§ **Task**
From the data that follows, set down exactly the lines from the one with "地块起始价79亿元,未设置地价上限,未设置销售指导价。" through the one with "This stunning watercolor", counting both. Pictures stay out.

§ **Provided data**
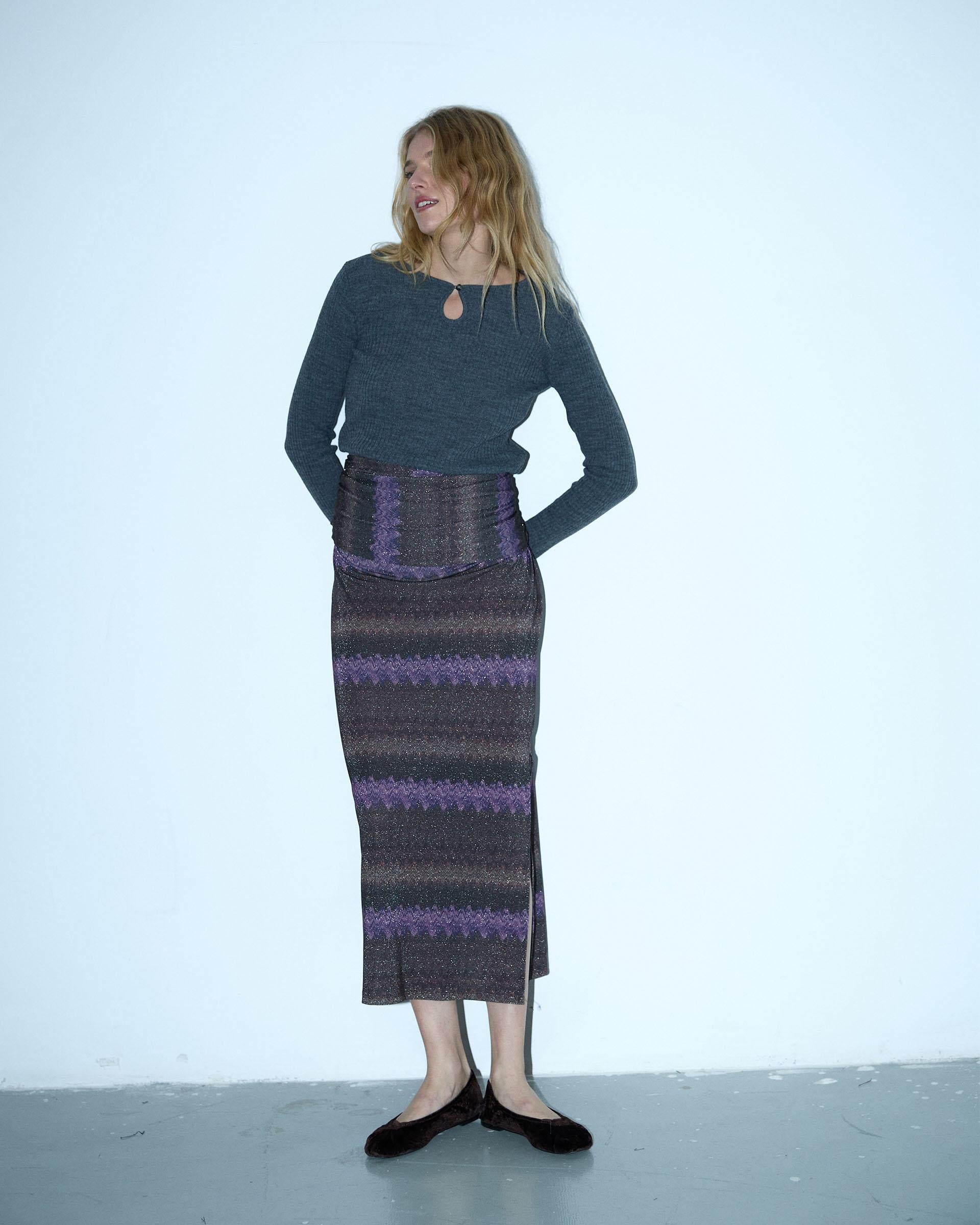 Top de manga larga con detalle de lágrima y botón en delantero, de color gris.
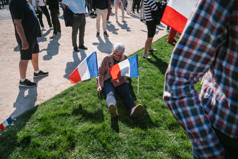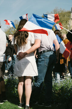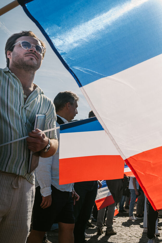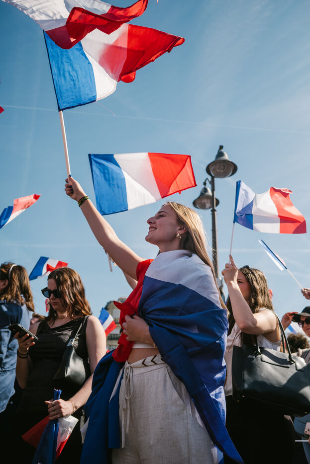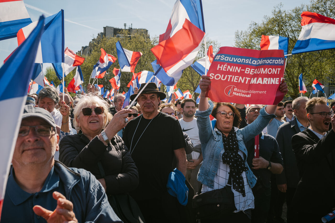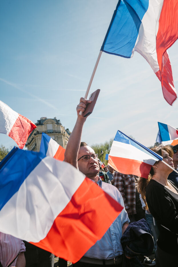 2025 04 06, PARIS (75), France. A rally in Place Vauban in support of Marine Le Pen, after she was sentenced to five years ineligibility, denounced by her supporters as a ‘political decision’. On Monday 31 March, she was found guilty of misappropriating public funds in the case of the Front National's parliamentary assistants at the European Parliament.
---
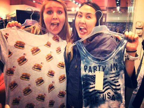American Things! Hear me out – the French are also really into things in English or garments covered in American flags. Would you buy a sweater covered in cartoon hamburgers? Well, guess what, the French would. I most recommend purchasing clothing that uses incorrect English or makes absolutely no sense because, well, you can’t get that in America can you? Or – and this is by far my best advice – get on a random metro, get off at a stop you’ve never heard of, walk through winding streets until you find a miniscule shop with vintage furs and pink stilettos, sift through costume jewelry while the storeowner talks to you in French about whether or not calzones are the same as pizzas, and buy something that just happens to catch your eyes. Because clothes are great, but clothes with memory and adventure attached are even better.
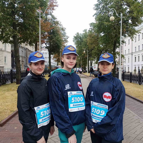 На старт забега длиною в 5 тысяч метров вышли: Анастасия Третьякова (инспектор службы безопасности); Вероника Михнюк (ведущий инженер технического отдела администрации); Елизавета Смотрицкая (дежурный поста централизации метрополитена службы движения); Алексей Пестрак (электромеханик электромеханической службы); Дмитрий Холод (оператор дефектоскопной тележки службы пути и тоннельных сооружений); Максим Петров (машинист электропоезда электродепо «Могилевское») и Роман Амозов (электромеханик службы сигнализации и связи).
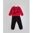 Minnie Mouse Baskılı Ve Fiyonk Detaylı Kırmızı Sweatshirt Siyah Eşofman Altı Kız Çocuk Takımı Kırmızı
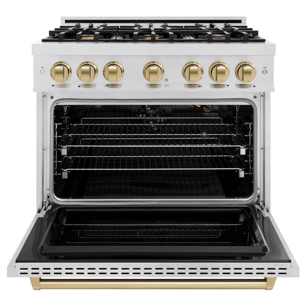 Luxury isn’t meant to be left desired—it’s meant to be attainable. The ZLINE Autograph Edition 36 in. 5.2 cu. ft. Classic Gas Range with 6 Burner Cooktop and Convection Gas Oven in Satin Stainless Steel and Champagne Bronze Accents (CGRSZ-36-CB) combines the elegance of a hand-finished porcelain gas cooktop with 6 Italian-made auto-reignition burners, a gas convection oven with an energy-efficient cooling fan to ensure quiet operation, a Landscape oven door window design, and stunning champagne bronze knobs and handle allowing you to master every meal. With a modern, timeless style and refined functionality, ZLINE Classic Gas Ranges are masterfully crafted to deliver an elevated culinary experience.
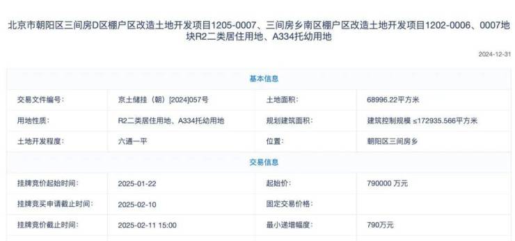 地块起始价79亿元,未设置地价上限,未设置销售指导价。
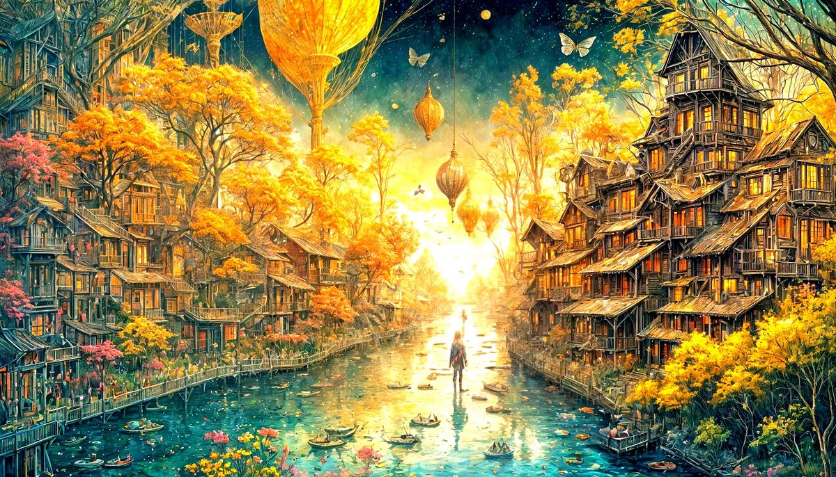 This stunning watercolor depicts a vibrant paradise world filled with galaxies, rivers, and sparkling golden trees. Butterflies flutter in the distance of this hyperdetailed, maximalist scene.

§ **Result**
 地块起始价79亿元,未设置地价上限,未设置销售指导价。
 This stunning watercolor depicts a vibrant paradise world filled with galaxies, rivers, and sparkling golden trees. Butterflies flutter in the distance of this hyperdetailed, maximalist scene.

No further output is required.